Objective: A defect of the waking systems could constitute a factor of vulnerability for sudden infant death syndrome (SIDS). A decrease in orexin levels, which promotes wakefulness and activates histaminergic neurons (another hypothalamic wake-promoting system) has already been demonstrated between 2 and 6 months. This work aims to study the levels of histamine (HA), tele-methylhistamine (t-MeHA), its direct metabolite, and t-MeHA/HA ratio in the cerebrospinal fluid (CSF) of healthy children, to evaluate the maturation of the histaminergic system and its possible involvement in SIDS.

Methods: Seventy Eight French children between 0 and 20 years (48.7% boys) were included, all of whom had a clinical indication for lumbar puncture, but subsequently found to be normal. Measurements of HA and t-MeHA in CSF were performed by reverse phase liquid chromatography coupled to mass spectrometry detection. Statistical analyses were performed using Spearman correlations and Non-parametric pairwise ranking tests.

Results: A negative correlation was found between age and CSF HA (r = −0.44, p < 10⁻⁴) and t-MeHA (r = −0.70, p < 10⁻⁴) levels. In pairwise comparisons, no difference in CSF HA and t-MeHA levels was observed between youngest age groups (i.e., 0–2 mo vs. 3–6 mo), but CSF HA and t-MeHA levels were significantly lower in older children (i.e., >6 mo vs. 0–6 mo). The CSF HA decrease with age was only observed in boys, who also presented global lower CSF HA levels than girls.

Conclusion: CSF HA and t-MeHA levels decrease with age in boys, and global levels are lower in boys than in girls. These results reveal changes in histaminergic transmission and metabolism during maturation. Whether lower CSF histamine values in boys compared to girls could contribute to their higher risk of SIDS warrants further research.

Introduction

Sudden Infant Death Syndrome (SIDS) consists in the sudden and unexpected death of a child under 1 year old and usually beyond the perinatal period, which remains unexplained after an extensive investigation, including a complete autopsy and analysis of death circumstances and anterior clinical history (1). SIDS remains the main cause of post-neonatal mortality, with a rate of 38 deaths per 100,000 live births in 2016 in the United States, accounting for 42% of Sudden Unexpected Infant Deaths (SUID) (2). SIDS is a multifactorial entity (3). Main known risk factors are prenatal (born premature, maternal smoking, male) and postnatal (sleep position, infections, sleep deprivation …) during the critical period of development defined between 2 and 6 months (4, 5).

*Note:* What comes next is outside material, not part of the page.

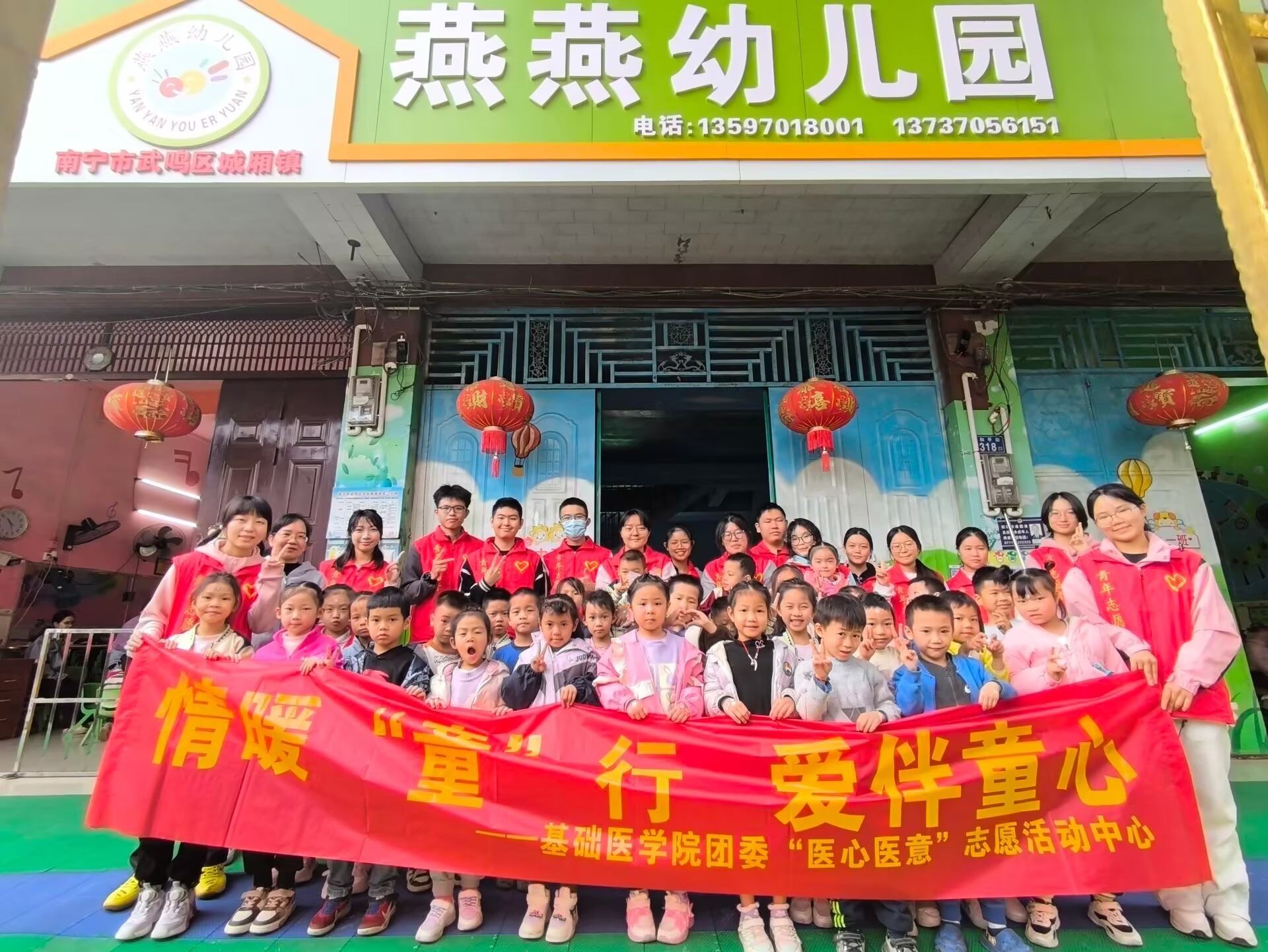 为传承“育苗护心”的优良传统,聚焦儿童健康成长,12月3日上午,基础医学院团委“医心医意”志愿活动中心带领志愿者们走进武鸣区燕燕幼儿园,开展以“情暖‘童’行 爱伴童心”为主题的志愿服务活动。本次活动共有16名志愿者参与,累计服务人数84人次。

Despite intensive and long-lasting research, the underlying mechanisms involved in SIDS remain unclear. Arousability from sleep could provide a protective mechanism for survival and the temporal association between SIDS and sleep periods suggests that when confronted with a life-threatening challenge during sleep, this vital response may be impaired in infants who succumb to SIDS. Infants who subsequently died of SIDS moved less during sleep and aroused less frequently; furthermore, these observations occurred predominantly during the last part of the night, when most deaths from SIDS occur (6, 7). It has been shown that infants who subsequently became victims of SIDS not only aroused less from sleep than control infants, but had different arousal characteristics (8). Compared to a group of age-matched control infants, these SIDS victims had significantly more subcortical activations during the first part of the night between 9:00 p.m. and midnight, and fewer cortical arousals during the latter part of the night, suggesting an incomplete arousal process (8). On the other hand, all known major risk factors for SIDS such as prone sleep position, in utero tobacco exposure, preterm births,… have been consistently associated with decrease in both spontaneous and induced arousals from sleep (9–11).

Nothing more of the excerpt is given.